Tony Graham mentioned in an email his use of Saxon’s optimization hint attribute xsl:function/@saxon:memo-function
to memo-ize the values of some functions. He had investigated it for his Open Source focheck project that checks XSL-FO scripts. I was intrigued as I had never used this technique,
and Tony kindly provided details for me and readers.
Memo-izing is where the implementation stores the return value for a function between invocations, to avoid it being recalculated for the same arguments: it is a kind of single-value caching. This is a useful technique where you are validating XML documents that use subclassing (e.g. DITA, XSL-FO, or my highly generic documents ), where you use attribute values to supply the specific name for the element rather than the normal generic identifier: for example if you have a structured HTML document where the names of structures you are validating are all in the @class attribute.
From Tony:
If, and it’s a big IF, your Schematron is doing a lot of running the same XPath test
expressions on the same values and you are also using either Saxon PE or Saxon EE
to run your XSLT2 binding, then you may benefit from using saxon:memo-function
( http://saxonica.com/documentation/index.html#!extensions/attributes/memo-function) to get Saxon to short-circuit reevaluating the same expression over and over again
and instead just return the result saved from the first time those parameter values
were used.
saxon:memo-function
is a Saxon extension attribute that may be used with xsl:function
. With saxon:memo-function="yes"
, Saxon caches the result from time the function is called. When the function is
called again with the same parameter values, Saxon returns the cached result for those
parameter values rather than reevaluating the function just to return the same result.

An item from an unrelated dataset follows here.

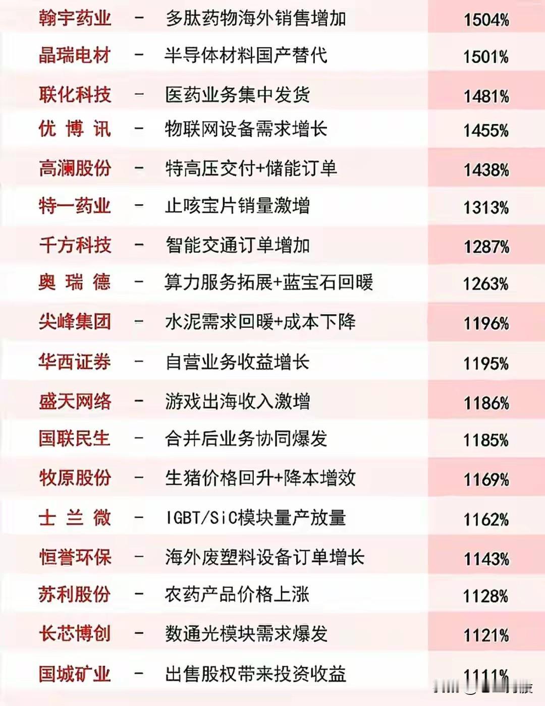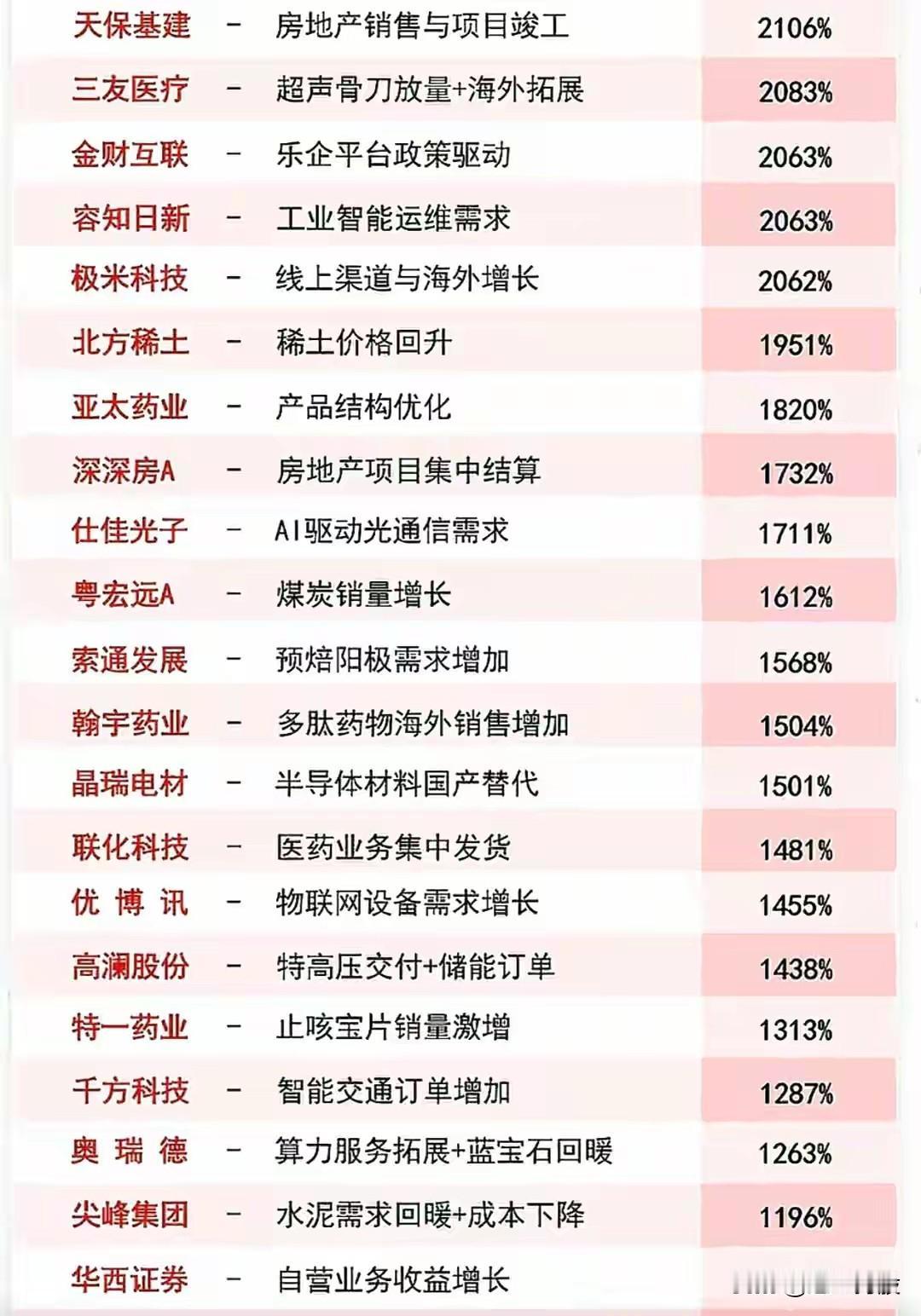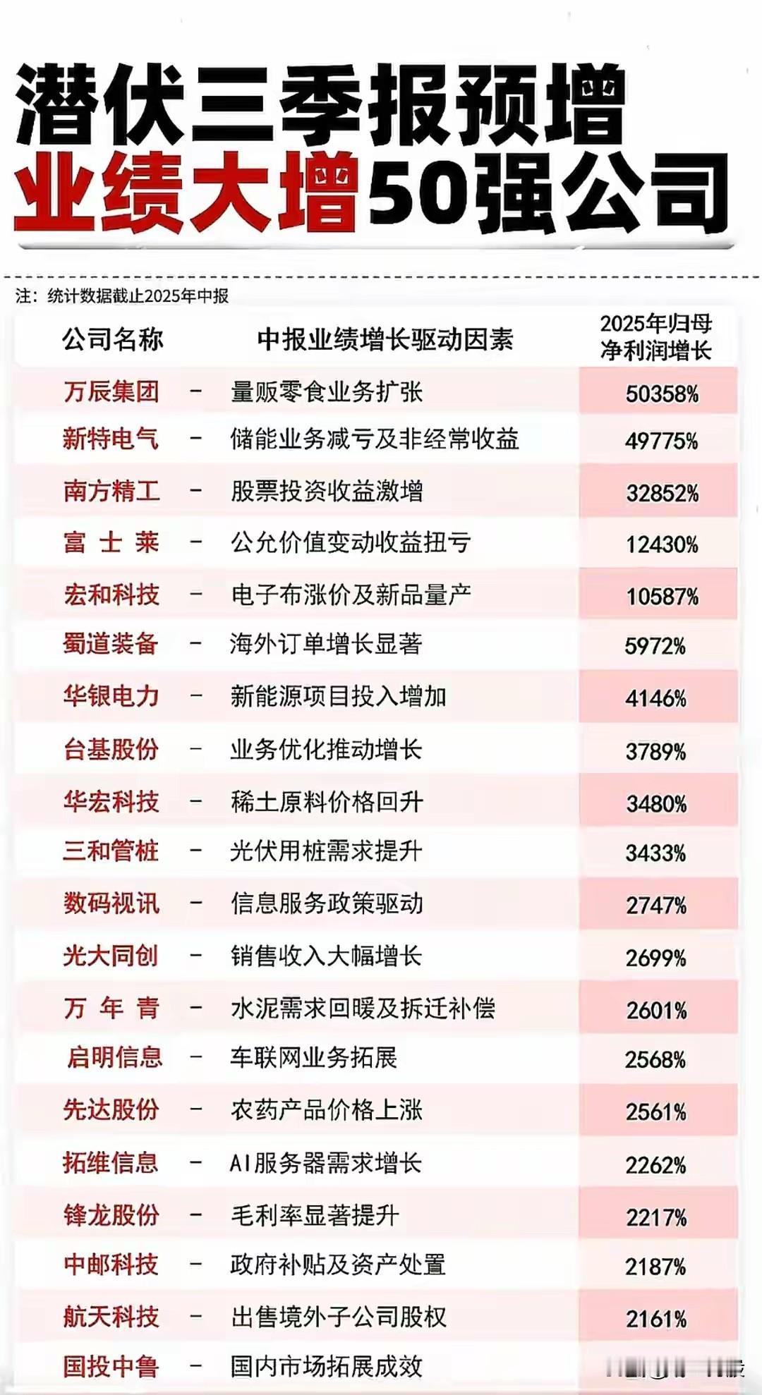 2025年三季报预增业绩50强公司 该榜单聚焦2025年三季报业绩有望大幅增长的企业,基于中报业绩表现及驱动因素筛选,归母净利润增长幅度最高达50358%,重点企业及增长原因如下: - 万辰集团:增长50358%,得益于量贩零食业务快速扩张; - 新特电气:增长49775%,主因储能业务减亏及非经常性收益; - 南方精工:增长32852%,受股票投资收益大幅增加推动; - 富士莱:增长12430%,源于公允价值变动收益扭亏为盈; - 宏和科技:增长10587%,因电子布涨价及新品量产; - 其他代表企业: - 蜀道装备(5972%,海外订单增长显著) - 华银电力(4146%,新能源项目投入增加) - 台基股份(3789%,业务优化推动) - 华宏科技(3480%,稀土原料价格回升) - 三和管桩(3433%,光伏用桩需求提升) - 数码视讯(2747%,信息服务政策驱动) - 光大同创(2699%,销售收入大幅增长) - 万年青(2601%,水泥需求回暖+拆迁补偿) - 启明信息(2568%,车联网业务拓展) - 先达股份(2561%,农药产品价格上涨) - 拓维信息(2262%,AI服务器需求增长) - 锋龙股份(2217%,毛利率显著提升) - 中邮科技(2187%,政府补贴及资产处置) - 航天科技(2161%,出售境外子公司股权) - 国投中鲁(2149%,国内市场拓展成效) 整体呈现高增长企业集中在消费(如零食)、新能源(储能/光伏)、电子(电子布/半导体)、医药(农药/多肽药物)及周期性行业(水泥/稀土)等领域,驱动因素包括业务扩张、价格回升、政策利好、投资收益及非经常性收益等。 二、其他高增长企业数据补充(第二、三张图) 除上述50强榜单外,另外两组数据(按归母净利润增长幅度从高到低排列)展示了更多业绩爆发企业,核心信息包括: - 天保基建:增长2106%,受益于房地产销售与项目竣工; - 三友医疗:增长2083%,因超声骨刀放量及海外市场拓展; - 金财互联:增长2063%,受乐企平台政策驱动; - 容知日新:增长2063%,源于工业智能运维需求增长; - 极米科技:增长2062%,凭借线上渠道与海外市场增长; - 北方稀土:增长1951%,因稀土价格回升; - 其他:深深房A(1732%,房地产项目集中结算)、仕佳光子(1711%,AI驱动光通信需求)、粤宏远A(1612%,煤炭销量增长) - 翰宇药业:增长1504%,得益于多肽药物海外销售增加; - 晶瑞电材:增长1501%,因半导体材料国产替代进程加速; - 联化科技:增长1481%,源于医药业务集中发货; - 优博讯:增长1455%,受物联网设备需求增长推动; - 高澜股份:增长1438%,凭借特高压交付及储能订单增加; - 特一药业:增长1313%,因止咳宝片销量激增; - 千方科技:增长1287%,受智能交通订单增加带动; - 奥瑞德:增长1263%,源于算力服务拓展及蓝宝石业务回暖; - 尖峰集团:增长1196%,因水泥需求回暖及成本下降; - 华西证券:增长1195%,凭借自营业务收益增长; - 其他:盛天网络(1186%,游戏出海收入激增)、国联民生(1185%,合并后业务协同爆发)、牧原股份(1169%,生猪价格回升+降本增效)等。 这些企业覆盖房地产、医疗设备、智能硬件、稀土材料、医药制造、半导体、证券、游戏等多个行业,增长逻辑与市场需求爆发、技术替代、政策支持、海外拓展及成本优化等密切相关。 总结 2025年三季报业绩预增的核心企业具有以下特征: 1. 行业分布广泛:涵盖消费(零食)、新能源(储能/光伏)、电子(半导体/电子布)、医药(农药/多肽/医疗器械)、周期(水泥/稀土)、房地产、金融(证券)等; 2. 增长驱动多元:主要包括业务规模扩张(如量贩零食、光伏用桩)、价格回升(稀土/生猪/水泥)、政策利好(乐企平台/信息服务)、投资收益(股票/政府补贴)、非经常性收益(资产处置/股权出售)及技术驱动(AI算力/光通信/半导体国产替代); 3. 高增长普遍显著:多数企业归母净利润增幅超1000%,部分龙头企业甚至达到数万百分点(如万辰集团50358%、新特电气49775%),反映2025年中报阶段部分上市公司业绩迎来爆发式增长。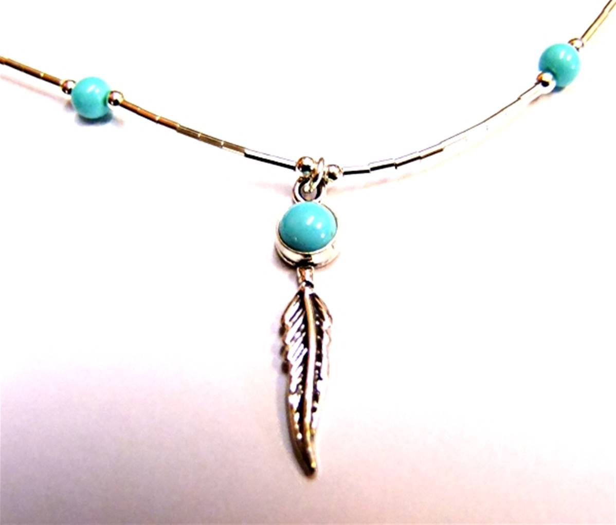 Pendant features silver feather.necklace length = 18″weight = 5g.WITH Trigger style catch.

There are some caveats in the Saxon documentation about when not to use saxon:memo-function
— for example, when the function has side-effects or it accesses the current context
— but it should be generally usable with the expressions in Schematron tests.
Whether, and to what extent, using saxon:memo-function
can speed up your Schematron processing entirely depends on your Schematron and your
documents. As with most things to do with XSLT performance, you need to test it with
realistic documents and the particular XSLT processor version that you use before
you can say for sure.
An example where saxon:memo-function
does help is the focheck framework (https://github.com/AntennaHouse/focheck) for validating XSL-FO files. XSL-FO properties are expressed as XML attributes,
which focheck needs to check. However, property values can be expressions in the
expression language defined in the XSL 1.1 Recommendation (https://www.w3.org/TR/xsl11/#d0e5032), so focheck has to evaluate the property value expressions before working out if
the result is an allowed value for the current property. As a consequence, the focheck
Schematron has hundreds of:
<let name="expression" value="ahf:parser-runner(.)"/>
where ahf:parser-runner()
is:
<!-- ahf:parser-runner($input as xs:string) as element()+ -->
<!-- Runs the REx-generated parser on $input then reduces the parse
tree to a XSL 1.1 datatype. Uses @saxon:memo-function extension
to memorize return values (when used with Saxon PE or Saxon EE)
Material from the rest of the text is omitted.